What to work on - Each entry is to be repeated word for word, and the images are to be dropped.

____

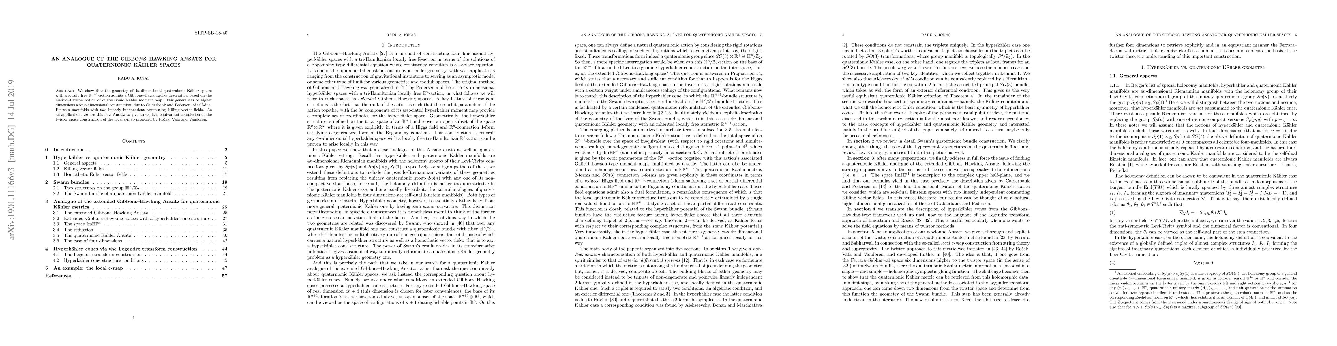 This paper presents a higher-dimensional analogue of the Gibbons-Hawking Ansatz for quaternionic Kähler spaces, utilizing the Galicki-Lawson moment map concept. It extends a four-dimensional construction for self-dual Einstein manifolds and provides an explicit equivariant completion of the twistor space local c-map.
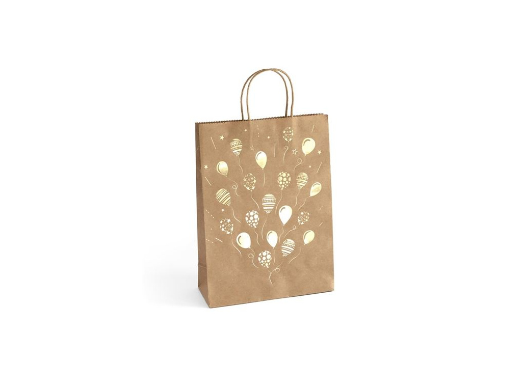 taška z kraftového papíru s ozdobnými zlatými obrázky balónků alternativa igelitových tašek taška je lepená, má ploché dno, kroucené ucho rozměr 33x10x24 cm gramáž 130g/m2 balení 5 ks
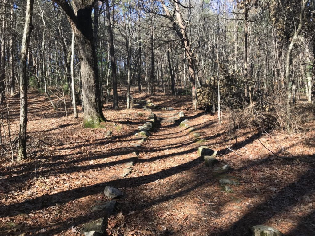 Soon we came to a low-lying stone wall. While nobody knows who built this crumbling wall or its purpose, it extends over 800 feet. Experts estimate the wall to be somewhere from 500-1500 years old. The Cherokee Indians who inhabited the area attributed the wall to the “moon-eyed people” they drove out.
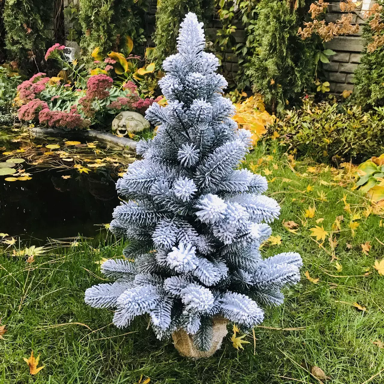 Компактна штучна лита ялинка виглядає ошатно навіть без додаткових прикрас. Всі голочки - литі, точна 3D імітація хвої живої ялинки. Встановлена у горщик, прикрашений мішковиною, з обважнювачем всередині - для захисту від перекидання. Об'ємне густе напилення на ялинці реалістично імітує сніг, який тільки що впав на гілки пухнастими пластівцями. Матеріалом розпилення є натуральна бавовна, він екологічний і не має запаху, безпечний для дітей і дорослих. Відмінний декор для дитячої кімнати, офісного столу, оформлення вітрини магазину або кафе. Може стати чудовим новорічним подарунком.
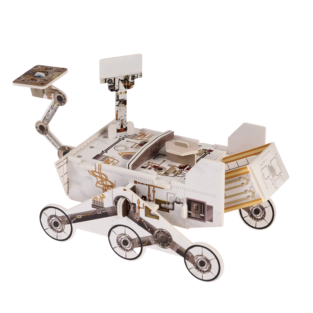 - Curiosity rover: 18 pieces. Measures: 18.5cm (length) x 8.5 cm (width) x 11cm (height)
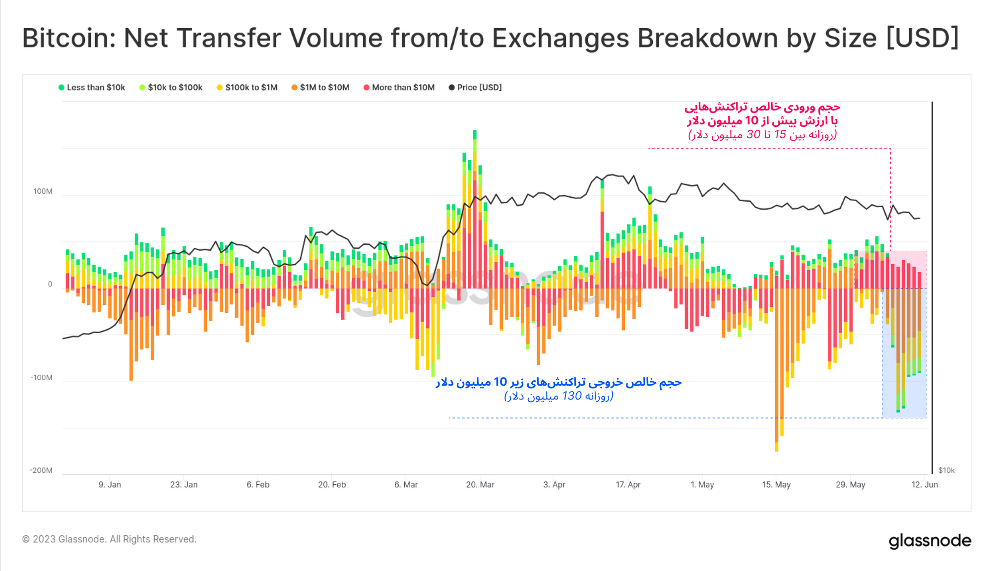 🔵 تراکنشهایی که ارزش آنها کمتر از ۱۰ میلیون دلار است، طی هفته گذشته به صورت خالص، روزانه ۱۳۰ میلیون دلار از صرافیها خارج کردهاند.
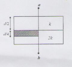 Un capacitor construido con dos placas planas y paralelas de área y separación de placas , como se muestra en la figura. Se colocan los dieléctricos indicados y la lámina metálica indicadapor el área rayada. Encuentre una expresión para: La capacidad después de este proceso. b) Calcule el cambio en la energía potencial después del proceso. En todo momento la diferencia de potencial entre a y b es
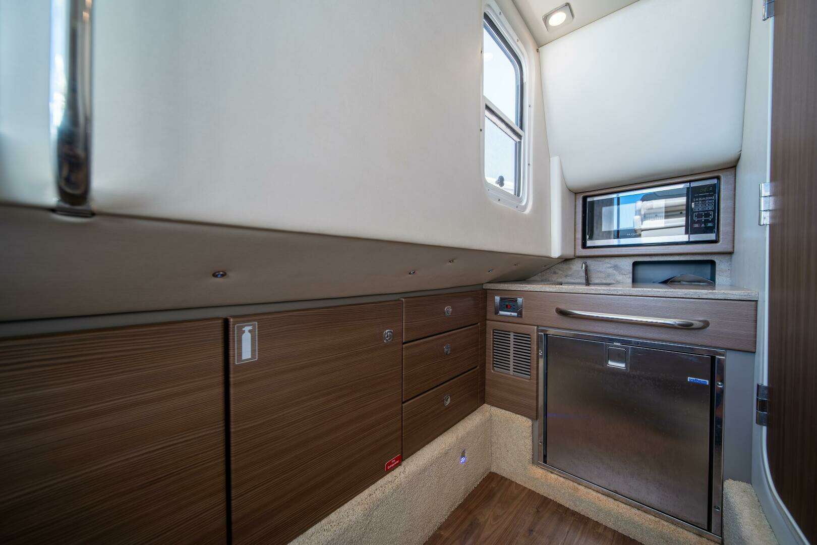 - Compact galley equipped with sink, Isotherm refrigerator/ice maker, microwave, and ample storage for overnight essentials
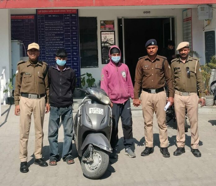 देहरादून। स्कूटी चोरी मामले का खुलासा करते हुए पुलिस ने दो शातिरों को गिरफ्तार कर लिया है। जिनके पास से चुरायी गयी स्कूटी बरामद हुई है।

____

Answer box -
 This paper presents a higher-dimensional analogue of the Gibbons-Hawking Ansatz for quaternionic Kähler spaces, utilizing the Galicki-Lawson moment map concept. It extends a four-dimensional construction for self-dual Einstein manifolds and provides an explicit equivariant completion of the twistor space local c-map.
 taška z kraftového papíru s ozdobnými zlatými obrázky balónků alternativa igelitových tašek taška je lepená, má ploché dno, kroucené ucho rozměr 33x10x24 cm gramáž 130g/m2 balení 5 ks
 Soon we came to a low-lying stone wall. While nobody knows who built this crumbling wall or its purpose, it extends over 800 feet. Experts estimate the wall to be somewhere from 500-1500 years old. The Cherokee Indians who inhabited the area attributed the wall to the “moon-eyed people” they drove out.
 Компактна штучна лита ялинка виглядає ошатно навіть без додаткових прикрас. Всі голочки - литі, точна 3D імітація хвої живої ялинки. Встановлена у горщик, прикрашений мішковиною, з обважнювачем всередині - для захисту від перекидання. Об'ємне густе напилення на ялинці реалістично імітує сніг, який тільки що впав на гілки пухнастими пластівцями. Матеріалом розпилення є натуральна бавовна, він екологічний і не має запаху, безпечний для дітей і дорослих. Відмінний декор для дитячої кімнати, офісного столу, оформлення вітрини магазину або кафе. Може стати чудовим новорічним подарунком.
 - Curiosity rover: 18 pieces. Measures: 18.5cm (length) x 8.5 cm (width) x 11cm (height)
 🔵 تراکنشهایی که ارزش آنها کمتر از ۱۰ میلیون دلار است، طی هفته گذشته به صورت خالص، روزانه ۱۳۰ میلیون دلار از صرافیها خارج کردهاند.
 Un capacitor construido con dos placas planas y paralelas de área y separación de placas , como se muestra en la figura. Se colocan los dieléctricos indicados y la lámina metálica indicadapor el área rayada. Encuentre una expresión para: La capacidad después de este proceso. b) Calcule el cambio en la energía potencial después del proceso. En todo momento la diferencia de potencial entre a y b es
 - Compact galley equipped with sink, Isotherm refrigerator/ice maker, microwave, and ample storage for overnight essentials
 देहरादून। स्कूटी चोरी मामले का खुलासा करते हुए पुलिस ने दो शातिरों को गिरफ्तार कर लिया है। जिनके पास से चुरायी गयी स्कूटी बरामद हुई है।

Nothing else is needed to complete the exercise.